Susan Jane Gilman, author of Hypocrite in a Pouffy White Dress, a coming-of-age novel, is funny, smart, and an in-your-face feminist who is also endearingly up-front about her insecurities and doubts. In The True and Outstanding Adventures of the Hunt Sisters the narrator of this very satisfying epistolary book by Elisabeth Robinson not only writes letters; she lives a large portion of her life through them. Age-Proof Your Mind by Zaldy Tan attempts to help those of us who panic when we can’t remember where we left our keys, or the name of our third grade teacher, or where, God save the mark, we parked the car.

Books

Hypocrite in a Puffy White Dress

by Susan Jane Gilman, © 2005

Warner Books, NY & Boston

Paperback, 352 pp

 

This coming-of-age novel is subtitled “tales of growing up groovy and clueless,” and the two words aptly describe of the childhood, adolescence, and young adulthood of Susan Jane Gilman. Gilman’s first book, Kiss My Tiara, was subtitled “How to Rule the World as a Smartmouth Goddess,” which may give the reader a clue as to the author’s mindset even before opening Hypocrite. Susan Jane Gilman is funny, smart, and an in-your-face feminist who is also endearingly up-front about her insecurities and doubts.

The memoir begins when Gilman, aged 4, is spending a summer with her family at a Socialist colony in Silver Lake, NY. Her young, leftist parents are definitely into the politically correct messages and activism of the 1960’s, and Susan Jane’s take on life with the semi-hippie adults surrounding her is both funny and insightful. Half of her yearns for a more traditional family and lifestyle, and the other half longs to be extraordinary and outrageously interesting.

Gilman today styles herself as a “child of New York,” even though she now lives in Switzerland, and lived before that in Washington, DC. Reared in the rough New York City neighborhood that gave its name to Broadway’s Westside Story, she adopted early-on a smart, streetwise manner necessary for survival in the upper Westside neighborhood ruled by gangs.

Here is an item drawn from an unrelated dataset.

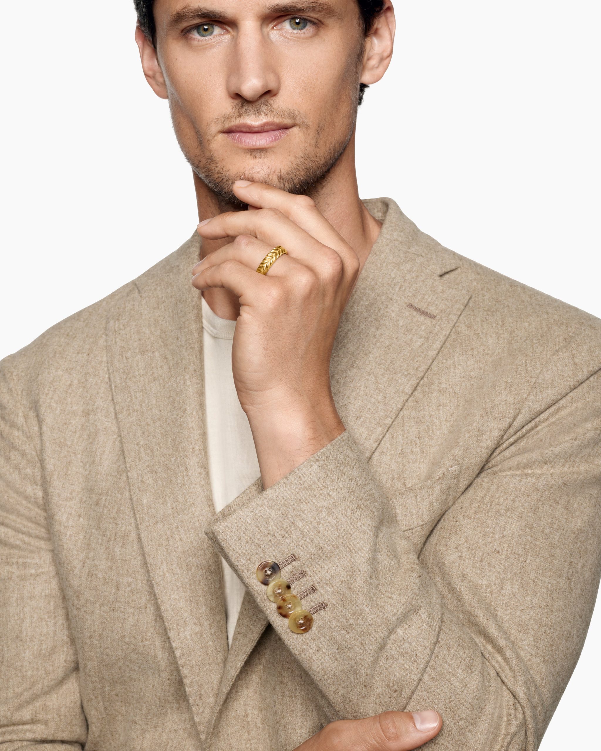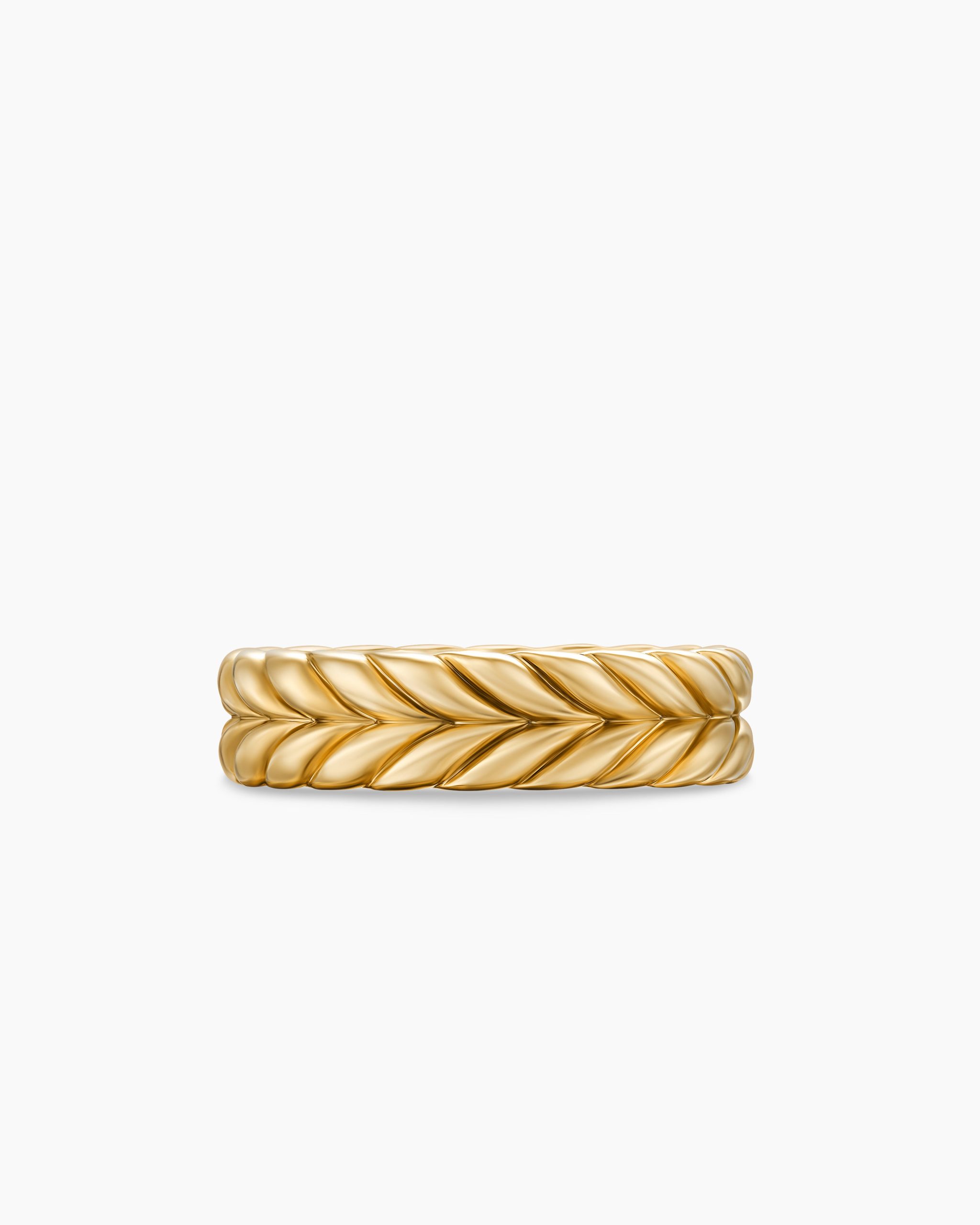 Marked by its double-helix pattern, Chevron is a mirror image of Cable, the house’s signature motif. The ancient V-shaped design offers a sense of modern sophistication, expertly crafted in refined materials, with deep cuts, precise angles, and a play of light and dark to evoke a feeling of forward momentum in the pursuit of excellence. Its elevated look fuses luxury and practicality for everyday wear, imbuing an essence of timelessness and versatility.18-karat yellow gold Ring, 6.2mmThis item can be engraved. Please contact customer care for more information.

Like many idealistic parents of the ‘60’s, her parents put her in a public school where she would have friends of many colors and faiths. The young ones, Gilman says, had no problem with this, but the older kids were definitely hostile to each other, and to the younger ones who weren’t of their own race or religion.

When the local school board, in an excess of ‘60’s zeal, decided to take the walls out of the classrooms and allow the children to explore education on their own, Gilman’s parents transferred her to a Presbyterian school, where, as a non-observant Jew, she was an outsider looking in. She was ostracized on several counts. Not only was she not a Christian: she was chubby; she was a high achiever; she lacked the kind of savvy that could protect her from the machinations of the “in” group of girls who, as we all know, can be the meanest beings on the face of the earth.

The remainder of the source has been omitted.